Thursday, March 09, 2006

Fisher island

Welcome to our new blog. We will try to offer an array of information that will impact Fisher Island's real estate market....Sales, Lease, trades, events, etc....

There has been much anticipation on island since the equity members control of the club as of January 1, 2006. The concept of the end users making club decisions for their benefit rather than the developer making club decisions solely on a business model is very exciting.

The Club has succeeded in a major issue that the develper has never resolved in overa decade. There was a small lot on the golf course (near #4 green & driving range) that until recently was owned by a non-resident from Miami.

How this was allowed in the original 1986 development is a mystery. Only on Fisher Island would the developer build the golf practice green on private property...

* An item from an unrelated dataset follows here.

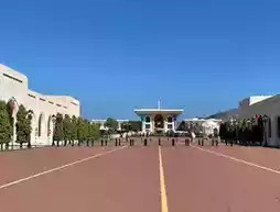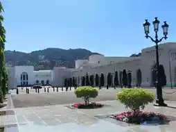 The main building of the palace consists of four golden and blue pillars, which looks gorgeous. The palace is designed in a modern Islamic architectural style, facing the Gulf of Oman, with neatly trimmed flower gardens and luxurious white marble government buildings on both sides of the avenue. The garden is beautiful for taking photos and checking in
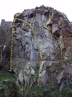 In 1942, the quarry's first recorded climbs were made by members of the Irish Mountaineering Club (IMC), and a handwritten guidebook of thirteen routes was published that included Fifth Avenue (HS 4b), and Gwynne's Chimney (VS 4c).[1] These routes were the first steps in the development of rock climbing in Ireland.[17] The publication of the second IMC guidebook in 1949 saw many of the more obvious features climbed in the quarry.[1] A new group of climbers pushed standards in the 1950s, with Fed Maguire, John Morrison, and Peter Kenny's 1951 ascent of Central Buttress (E1 4a, 5b, 4b), considered a milestone, and Kenny's 1951 ascents of Helios and Hyperion (both VS 4b), and Andre Kopczynski's 1952 ascent of In Abenstia (HVS 5a).[1] In 1957, Paddy O'Leary put up Gargoyle Groove (HVS 5b).[1]

Your Fisher Island Blogmaster, DonnieP

Miami Herald...3/8/06
Delia Eisenberg, 87, a retired beautician, owned a 7,500-square-foot lot on Fisher Island that her late husband bought for $3,500 in 1961, when the island was undeveloped. Hold onto it, he said. It will be valuable someday.
She heeded his advice, turning down offers to sell. Fisher Island became a fancy residential community for millionaires with a hotel, spa, tennis center, marina and championship golf course called The Links.
In the late 1990s, Delia discovered that part of The Links' fourth hole was on her property.
Eisenberg sued Fisher Island Club in Miami-Dade Circuit Court -- for trespass, civil theft and unjust enrichment. She demanded $1.5 million in damages.
Attorneys Jerry Katzen and Elizabeth Katzen say the club ignored her ownership rights. ''They used it for 13 years without offering to provide her with any compensation,'' says Jerry Katzen, who is Eisenberg's nephew. Real estate analyst Michael Y. Cannon, hired by Katzen, says Eisenberg's lot ended up underneath the fourth fairway and one of its sand traps.
The club argued for dismissal, saying Eisenberg ''sat by'' while ''valuable improvements'' were made on the lot. But Circuit Judge Robert Scola ruled the club ``has committed a trespass.''
The parties just settled -- for $1.2 million. The club got title to the lot.